# Kind of embarrasing



## lucywoodturner (May 5, 2010)

I am new to turning pens. I have made about 5 slimlines. They turned out ok, a little crooked but I love it! There is one problem. I am afraid of the lathe. I have never had anything happen to scare me but I am so nervous when I am turning. I want to make more projects but I can't get past it. Any suggestions?


----------



## skiprat (May 5, 2010)

Welcome to IAP.:biggrin:

Even the biggest baddest macho men can have fear of a fast rotating machine. This is actually a very good thing because even as your confidence grows ( and it will ) you will still retain a respect for the machine.

Normally most people are wary around louder tools, like routers and table saws.  But it is just your basic human instinct to look after itself.

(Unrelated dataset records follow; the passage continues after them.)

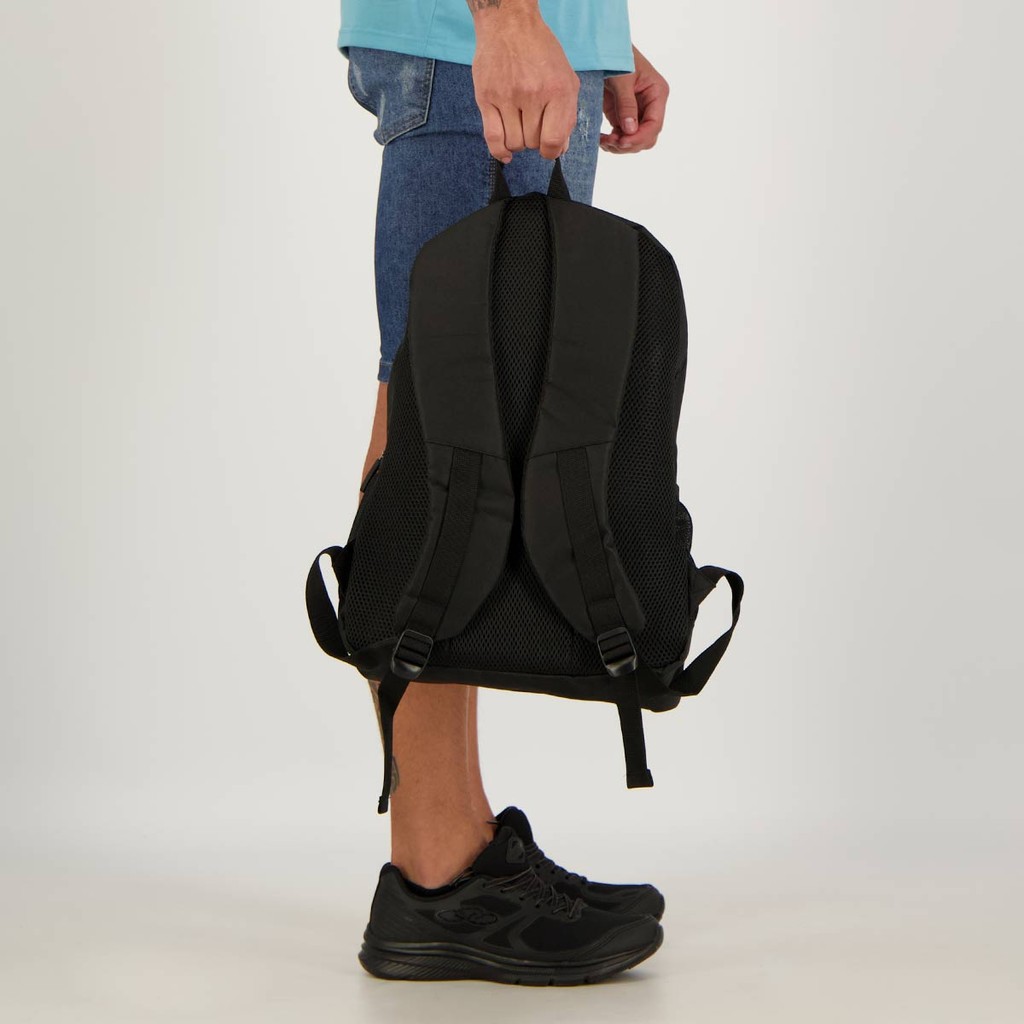 Dimensões aproximadas (A x L x P): 44 x 31 x 12 cmAlças: Uma de mão e duas para os ombrosAbertura/fechamento: Zíper bidirecionalCompartimento: Um principal amploBolsos: Dois dianteiros, com zíperComposição: 100% PoliésterCor predominante: PretaPeso aproximado: 440 gPorta-notebook: SimPorta-garrafas: SimCapacidade/ Volume: 16 LOrigem: ImportadaGênero: UnissexTamanho único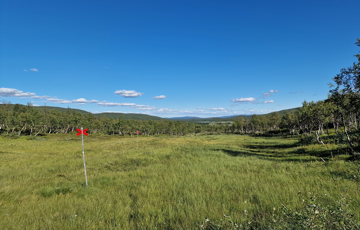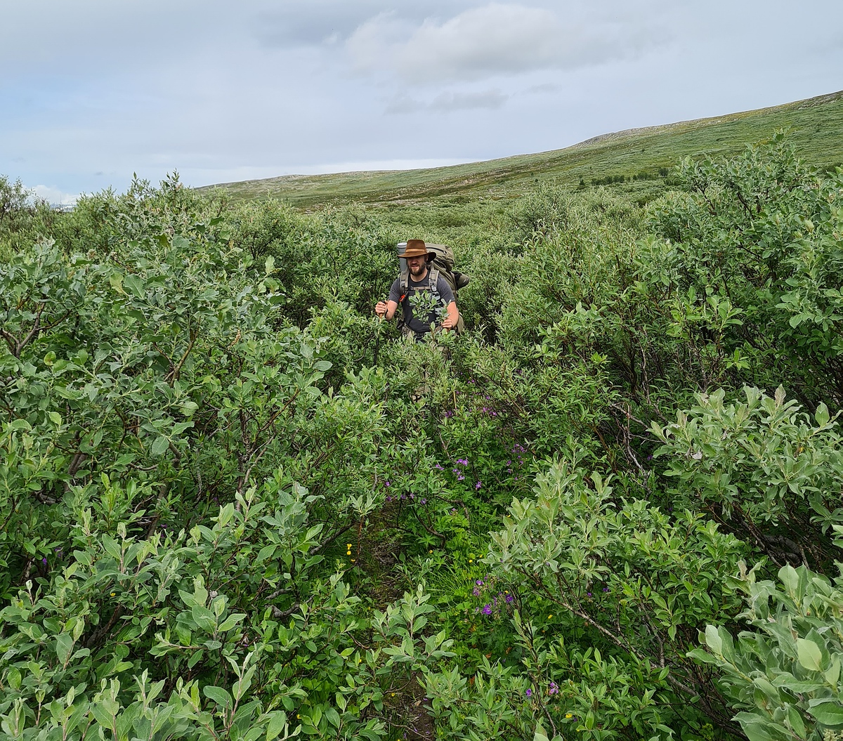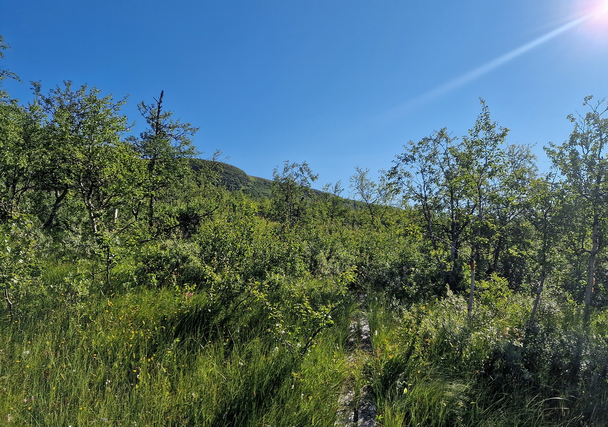 Bei der Hitze sind leider viele Blutsaugende Insekten unterwegs, neben den üblichen Mücken und Gnitzen werden wir auch noch von großen Bremsen attackiert. Zumindest unsere Erkundungsmission ist erfolgreich, der vermeintlich einfache Weg, eine Schneemobilpiste, ist durch hohes Gras und sehr weichen feuchten Boden recht beschwerlich zu laufen. 200m parallel verlaufend gibt es aber einen kleinen Trampelpfad durchs Gebüsch, der mit schwerem Rucksack deutlich einfacher zu begehen sein wird. |
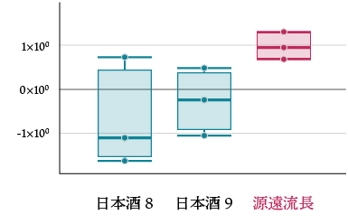 また、源遠流長と日本酒9はアミノ酸は控えめであるが、きき酒で“うま味ある”とコメントされている。それは、他より豊富に含まれるコハク酸によりもたらされていると考えられ、それが源遠流長の特徴と言える。

NEVER loose that respect!!:wink:


----------



## snowman56 (May 5, 2010)

Welcome to Iap.Just pretend you are dancing.


----------



## Craftdiggity (May 5, 2010)

You have to face your fears.  LOL.  Just keep turning.  Pens are a great place to start since they are on a mandrel and it is a bit more controlled.  Keep your tools sharp and take light cuts until you feel more comfortable with how things work.  

As an aside, if your pens are turning out crooked, you might have the nut too tight.  If you squeeze those bushings and blanks too tight, it will bend the mandrel slightly, and you will end up with one side of the blanks flush with the bushings, and the other side will be proud of the bushings.  I loosen the nut up and just barely tighten it.  This will also help you to take very light cuts, because if you take too aggressive a cut, you will stop the blank from spinning.

Chris


----------



## beck3906 (May 5, 2010)

You should always have respect for the tools you use and be aware of the inherent dangers they pose.  Your comfort level with using tools only comes with practice and more use.  Never let your comfort level become one of complacency as we'll read about you loosing a finger or other injury as some have shown recently.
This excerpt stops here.